Closing statement: Crude oil remains elevated despite a minor pullback, with severe supply disruptions and geopolitical uncertainty dominating the outlook. Prices are likely to stay volatile and biased to the upside unless there is clear confirmation of de-escalation and restoration of supply flows.
DAX
- DAX 40 Price: The DAX 40 is trading slightly higher around 24,130 points, indicating modest upward movement. This suggests a cautious market tone, with investors balancing supportive factors against growing macroeconomic concerns.
- Germany’s outlook: The Germany government has reportedly cut its 2026 GDP growth forecast from 1.0% to 0.5%. This downgrade highlights weakening economic expectations and raises concerns about the medium-term outlook for Europe’s largest economy.
- Eurozone inflation: Final HICP data for the euro area came in marginally above the flash estimate at 2.6% YoY, while core inflation held steady at 2.3%. This confirms that inflation remains relatively contained but still above target, keeping policy considerations relevant.

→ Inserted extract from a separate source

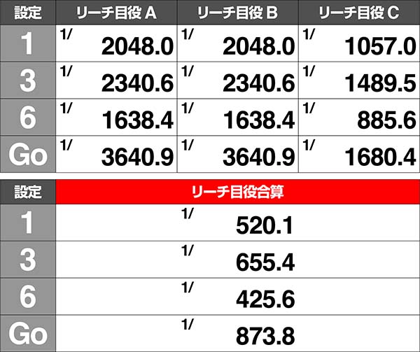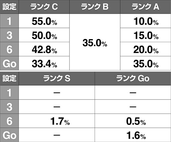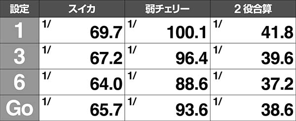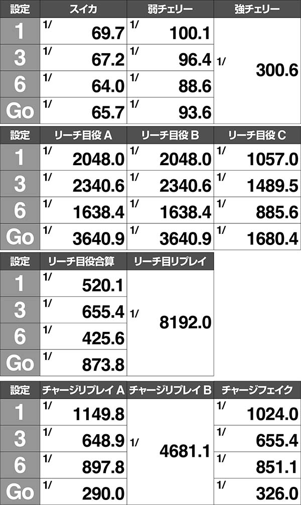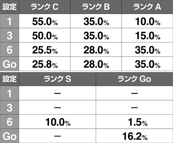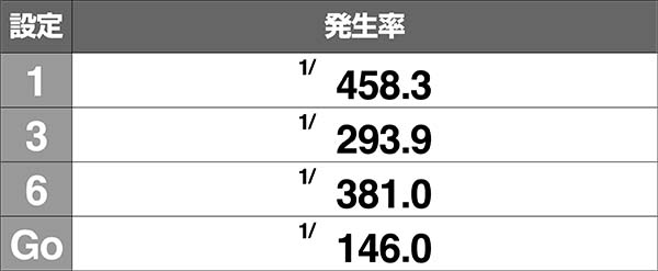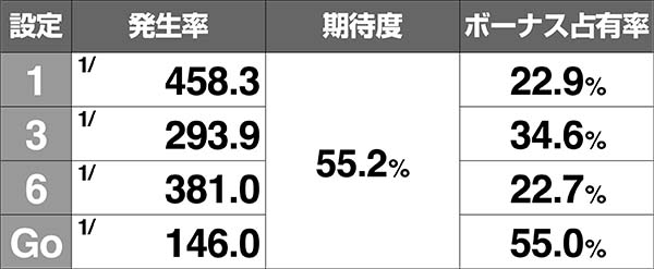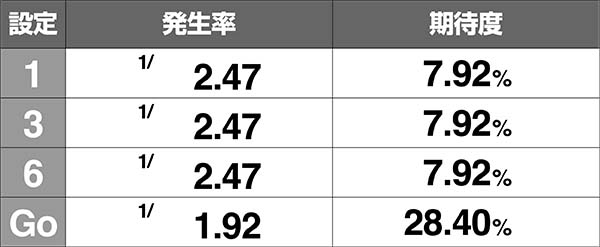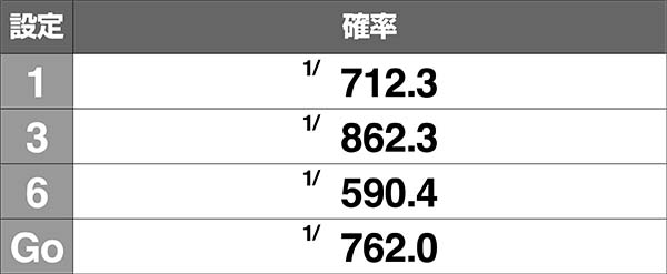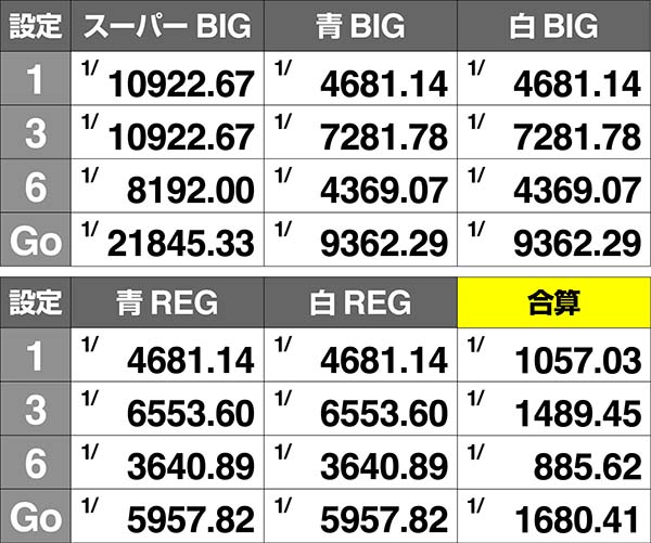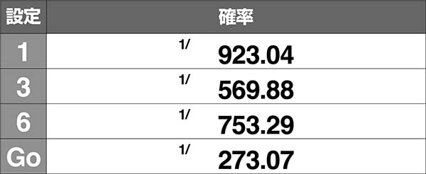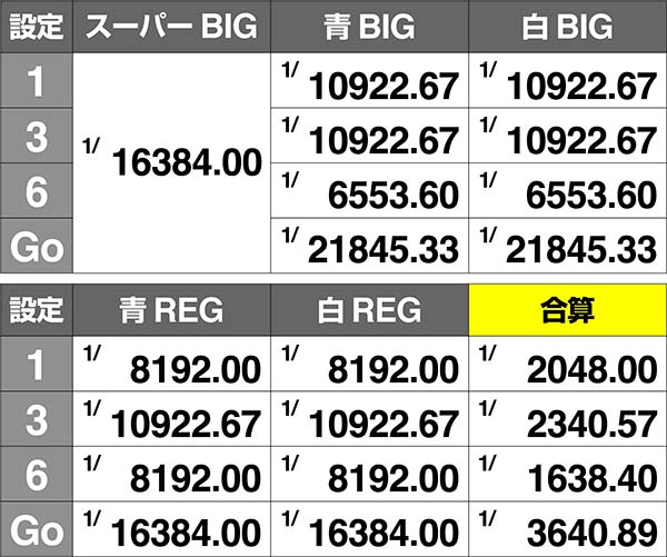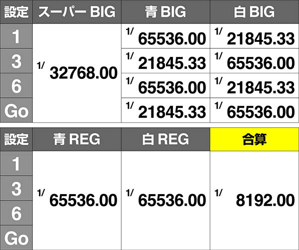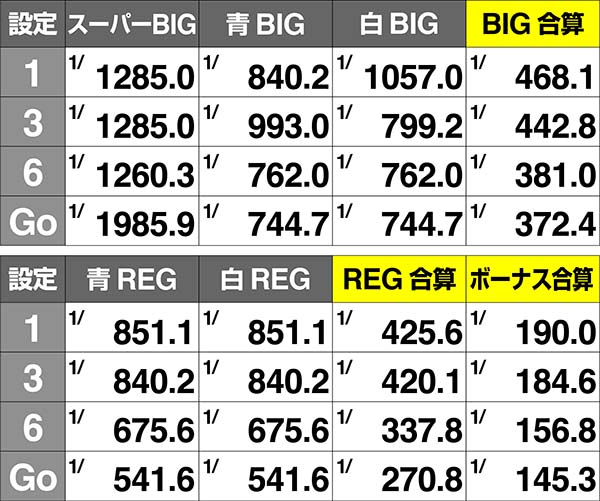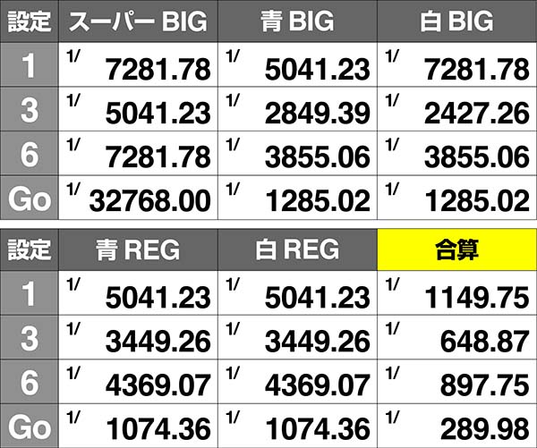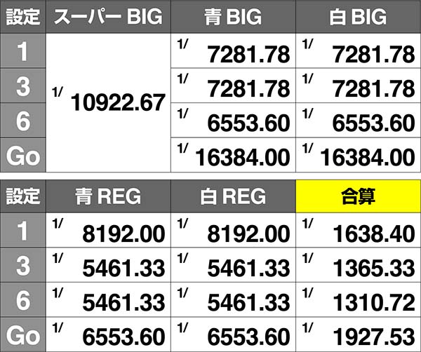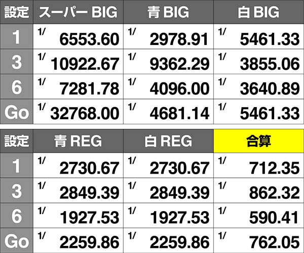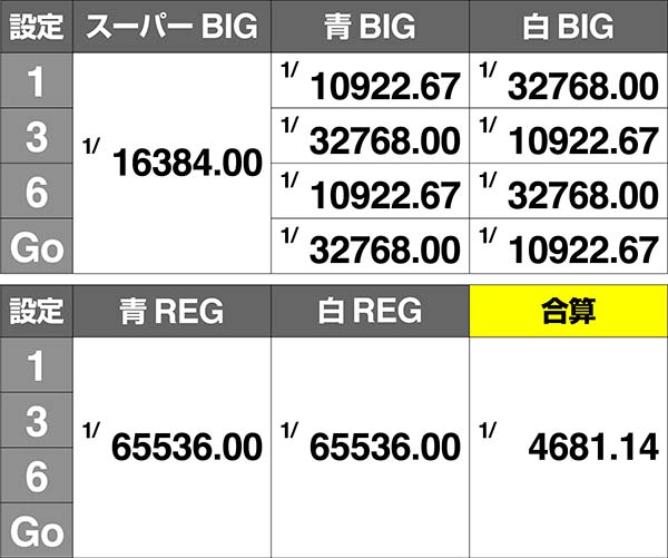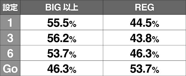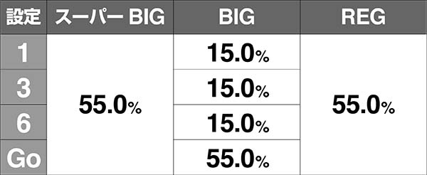 設定GoはスーパーBIG確率がもっとも低く、BIGとREG確率が高い。

- ECB policy: ECB policymaker, Isabel Schnabel emphasized that the European Central Bank has room to take time in assessing economic shocks. This cautious stance signals a preference for avoiding premature tightening that could harm growth.
- Labor market: US Initial Jobless Claims came in slightly better than expected, while Continuing Claims were broadly in line with forecasts. This indicates ongoing resilience in the US labor market, which remains an important external factor for global equities.
Closing statement: The DAX 40 is holding steady amid mixed macro signals, with weaker German growth outlook offset by stable inflation and cautious ECB policy. The near-term outlook remains neutral to slightly positive, with direction dependent on further economic data and policy clarity.